World Haemophilia Day: 19,000 People In India Suffer From Serious Blood Disorder
On April 17th, World Haemophilia Day, we explain the medical condition and the inheritance factor—and also look at data associated with it.
Haemophilia is an inherited bleeding disorder in which the ability of the blood to clot is severely reduced, causing the sufferer to bleed severely from even a slight injury.
Blood contains many proteins called clotting factors that control bleeding. People with haemophilia have low levels of these clotting factors—either factor VIII or factor IX.
The inheritance factor
Haemophilia is an inherited condition and occurs in families; however, in one-third of the cases it appears in families with no previous history of the disorder.

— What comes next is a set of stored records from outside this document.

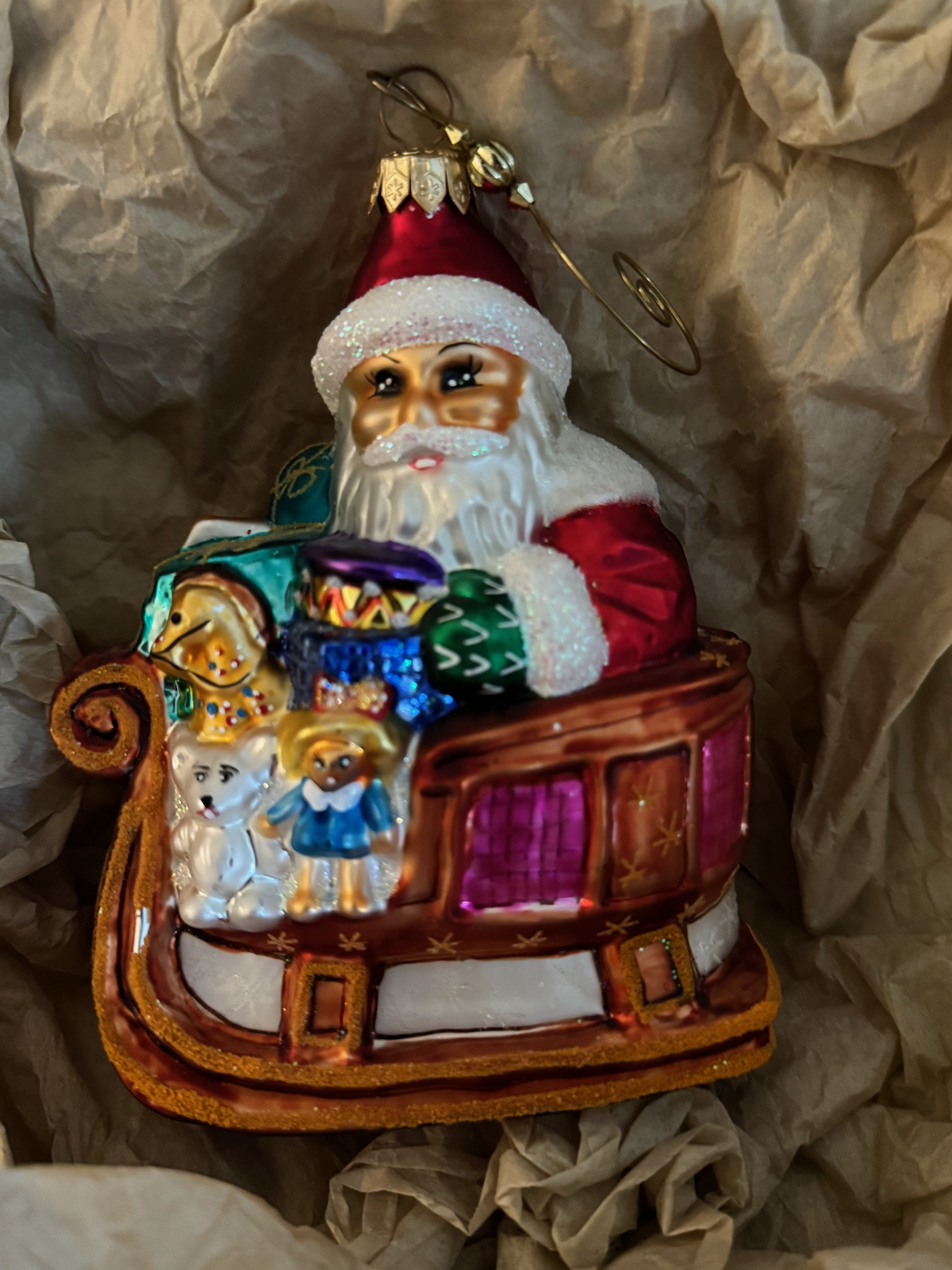 A blown glass Santa in Sleigh ornament. Features Santa Claus seated in a brown wooden sleigh filled with toys and gifts, including a doll, teddy bear, drum, and other colorful packages. Santa has a detailed face with glittered white beard and red hat. The sleigh has gold star decorations and curled runners.
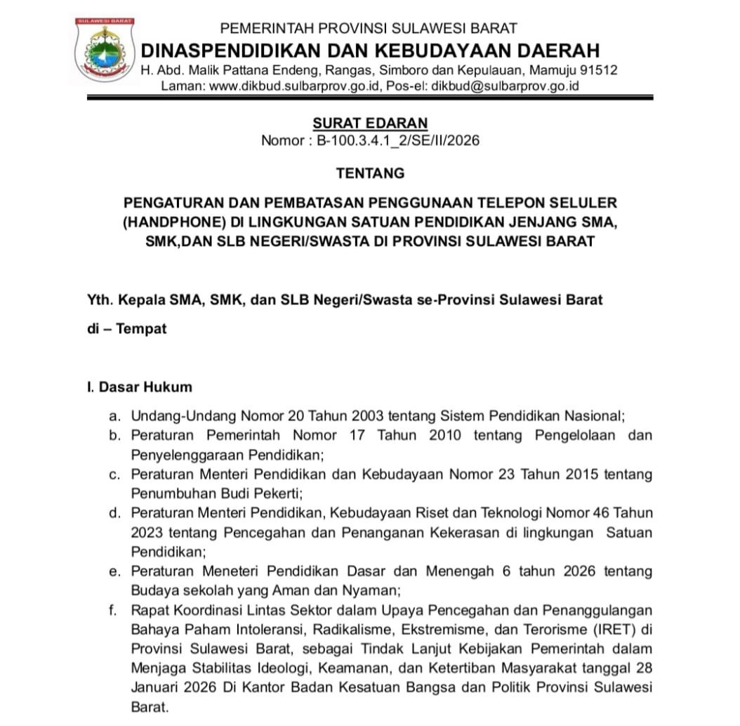 Surat edaran ini ditetapkan di Mamuju pada 12 Februari 2026 dan ditandatangani oleh Kepala Dinas Pendidikan dan Kebudayaan Provinsi Sulawesi Barat. (*)
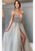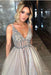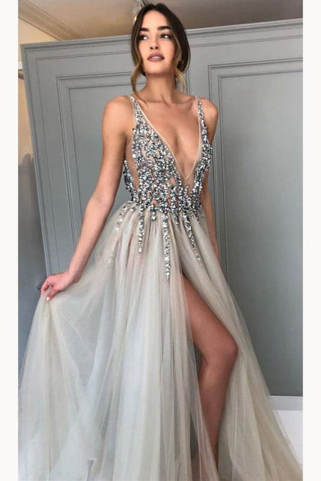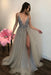 Gray Sequined Deep V Neck Prom with Left Slit A Line Tulle Evening Dress

The sex of an individual is determined by a pair of ‘sex chromosomes’. Males are identified with one X and one Y chromosome (XY) and females with two X chromosomes (XX). Males inherit the X chromosome from their mothers and the Y chromosome from their fathers. Females inherit one X chromosome from each parent.
Haemophilia is caused by a defect in the X chromosome.
Men with haemophilia will pass the gene on to their daughters but not their sons. Women who carry the haemophilia gene can pass it on to their sons and daughters.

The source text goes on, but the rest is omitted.